Start of DATASET RECORDS
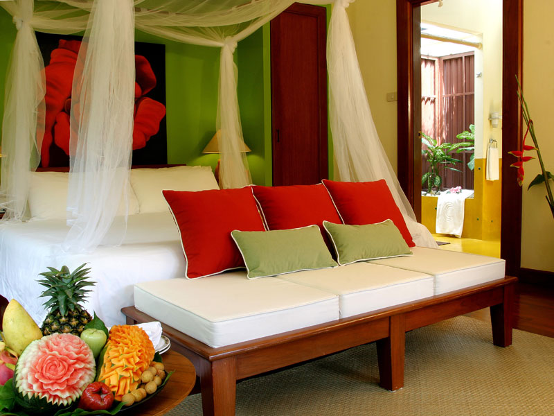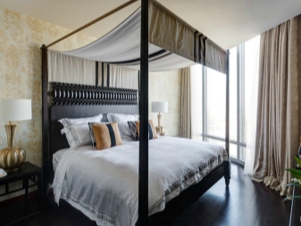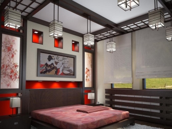Die Basis dieser Designrichtung sind natürliche Materialien und Naturtöne. Es verwendet Möbel aus Edelhölzern, Bambus und Gewehren, die in Beige, Sand oder Hellbraun gehalten sind. Obligatorischer Bestandteil des Raumes ist eine Faltwand. Betten in diesem Stil sind von einwandfreier Qualität und robuster Konstruktion, sie haben keine Beine und sind so stabil wie möglich. Als Dekorationen wurden lebende Pflanzen und Kompositionen zum japanischen Thema verwendet.
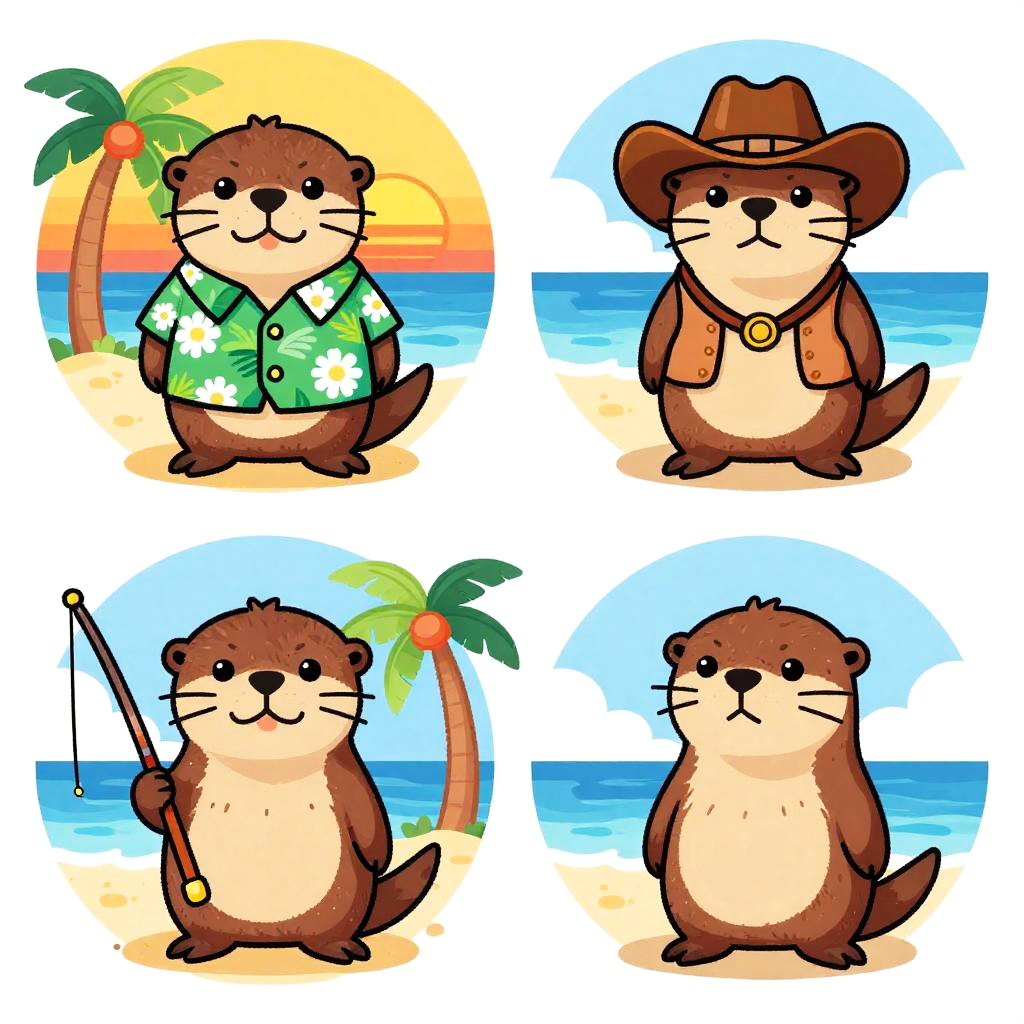 Cartoon otter illustrations: top left in green Hawaiian shirt, sunset; top right in brown cowboy hat, orange shirt; bottom left fishing, palm
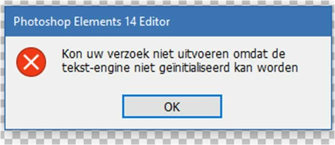 HELP suddenly my Photoshop Elements 14 doesnt work. It tells me that my text engine cannot initialized. 78/5000 In the help function they give four solutions that do not solve the problem.
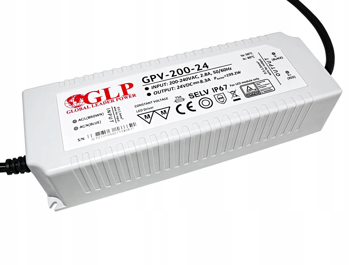 Zasilacz GLP serii GPV 24V/8,3A to niezawodne urządzenie o mocy 199,2W, zapewniające stabilne napięcie 24V. Dzięki szerokiemu zakresowi napięcia wejściowego (200-264Vac) oraz częstotliwości (47-63Hz), zasilacz ten doskonale sprawdza się w różnorodnych zastosowaniach. Jego kompaktowe wymiary 205 x 70 x 45mm sprawiają, że jest łatwy w montażu i idealny do instalacji w miejscach o ograniczonej przestrzeni.
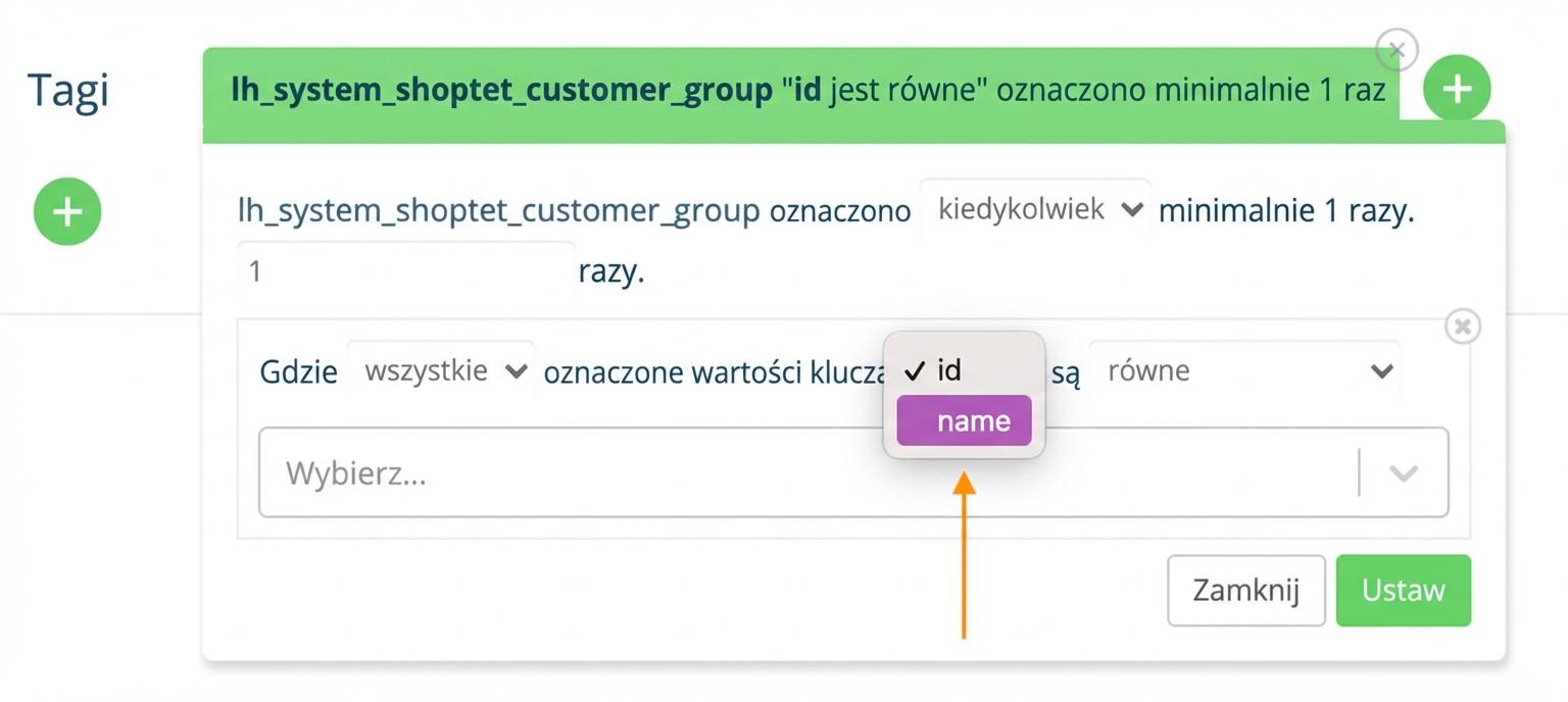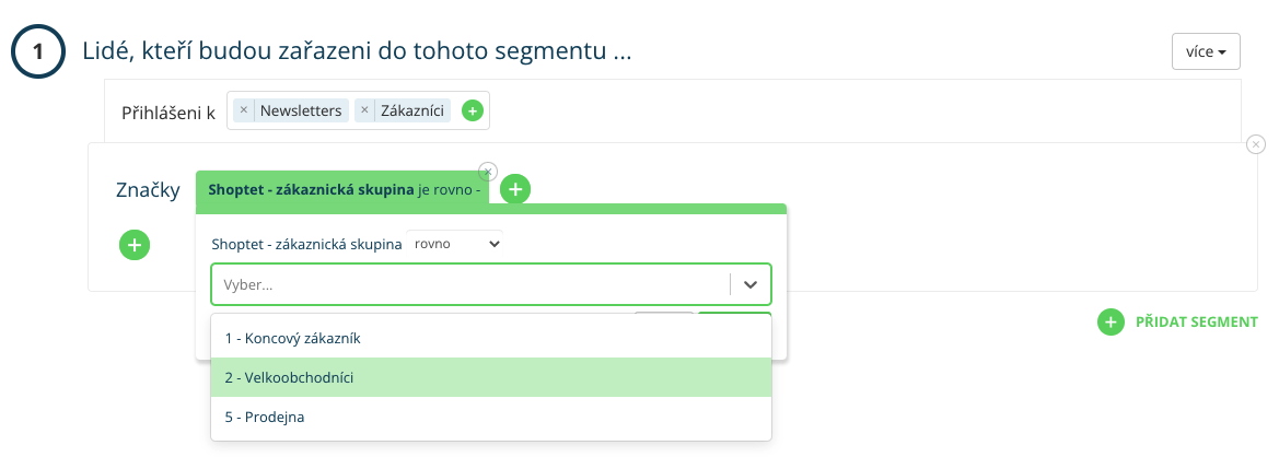 2. name - segmentacja na podstawie nazwy grupy klientów — w wyborze pozostają również grupy po zmianie nazwy (jeśli grupę „velkobchodnici” zmienisz na „velkobchodníci”, w wyborze pozostaną obie). Trzeba więc uważać, która grupa jest aktualna, albo użyć segmentacji według etykiety „Shoptet - grupa klientów”, którą opisujemy powyżej.
End of DATASET RECORDS
◆ WHAT IS NEEDED ◆
Copy every entry above exactly as it stands, but leave the pictures out.

◆ RESULT OF THIS TASK ◆
Die Basis dieser Designrichtung sind natürliche Materialien und Naturtöne. Es verwendet Möbel aus Edelhölzern, Bambus und Gewehren, die in Beige, Sand oder Hellbraun gehalten sind. Obligatorischer Bestandteil des Raumes ist eine Faltwand. Betten in diesem Stil sind von einwandfreier Qualität und robuster Konstruktion, sie haben keine Beine und sind so stabil wie möglich. Als Dekorationen wurden lebende Pflanzen und Kompositionen zum japanischen Thema verwendet.
 Cartoon otter illustrations: top left in green Hawaiian shirt, sunset; top right in brown cowboy hat, orange shirt; bottom left fishing, palm
 HELP suddenly my Photoshop Elements 14 doesnt work. It tells me that my text engine cannot initialized. 78/5000 In the help function they give four solutions that do not solve the problem.
 Zasilacz GLP serii GPV 24V/8,3A to niezawodne urządzenie o mocy 199,2W, zapewniające stabilne napięcie 24V. Dzięki szerokiemu zakresowi napięcia wejściowego (200-264Vac) oraz częstotliwości (47-63Hz), zasilacz ten doskonale sprawdza się w różnorodnych zastosowaniach. Jego kompaktowe wymiary 205 x 70 x 45mm sprawiają, że jest łatwy w montażu i idealny do instalacji w miejscach o ograniczonej przestrzeni.
 2. name - segmentacja na podstawie nazwy grupy klientów — w wyborze pozostają również grupy po zmianie nazwy (jeśli grupę „velkobchodnici” zmienisz na „velkobchodníci”, w wyborze pozostaną obie). Trzeba więc uważać, która grupa jest aktualna, albo użyć segmentacji według etykiety „Shoptet - grupa klientów”, którą opisujemy powyżej.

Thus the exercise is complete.